The Endocrine Society’s guidelines recommend screening for CS using one of the following tests, because they evaluate common features of CS: the corticotroph feedback to cortisol with 1-mg dexamethasone suppression test (1-mg DST); the cortisol rhythm with late night salivary cortisol (LNSC) assay; and the daily cortisol excretion with 24-h urinary-free cortisol (UFC) measurement [5]. CS is a rare disease; otherwise, its signs and symptoms could be very common: screening test should prefer sensitivity (SE) rather than specificity (SP).

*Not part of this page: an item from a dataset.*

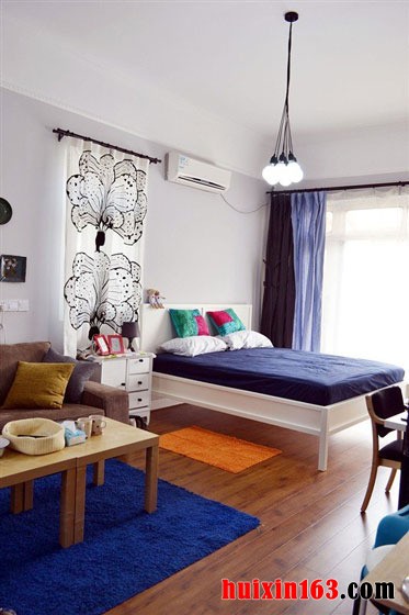 一簇吊灯的造型,特别的可爱,看着特别的接地气,还有一定的艺术的气息。吊灯的下面的床的布置非常的干净利落,没有那种将床包裹的严严实实,甚至连床腿都看不清楚的装扮。简单的一张床垫,铺在上面,下面裸露出床体本身的颜色,以及床的下面的地板的颜色,宣扬的是一种最平凡最朴实的生活。床头桌的后面装饰的一幅大大的花卉的素净的图画。在床的下面是一个小小的橘色的垫子,为房间增添了一些色彩。蓝色的毛毯上面并排放着两个农家小院的小方桌,摆放一个褐色的沙发,房间里面充满了自然的气息。

Salivary cortisol is increasingly used to assess adrenal-related disorders [6]. Since the impairment of circadian cortisol rhythm is a peculiar marker of CS [3, 5], LNSC seems the best choice to screen for CS because of its non-invasive, stress-free, and easy collection in outpatients [6,7,8,9,10,11]. Chemiluminescent immunoassays (CLIA) are worldwide used in clinical chemistry to measure cortisol; however, they suffer of cross reactivity with other steroids (especially cortisone), therefore, increasing the number of false-positive results. Endocrine Society guidelines suggest to use mass spectrometry [5]; however, its use in clinical practice is limited [12], and some authors advocate to study the real diagnostic accuracy of chemiluminescence before to discard it, since the diagnostic accuracy of LNSC measured with liquid chromatography–tandem mass spectrometry (LC–MS/MS) is not so superior [13].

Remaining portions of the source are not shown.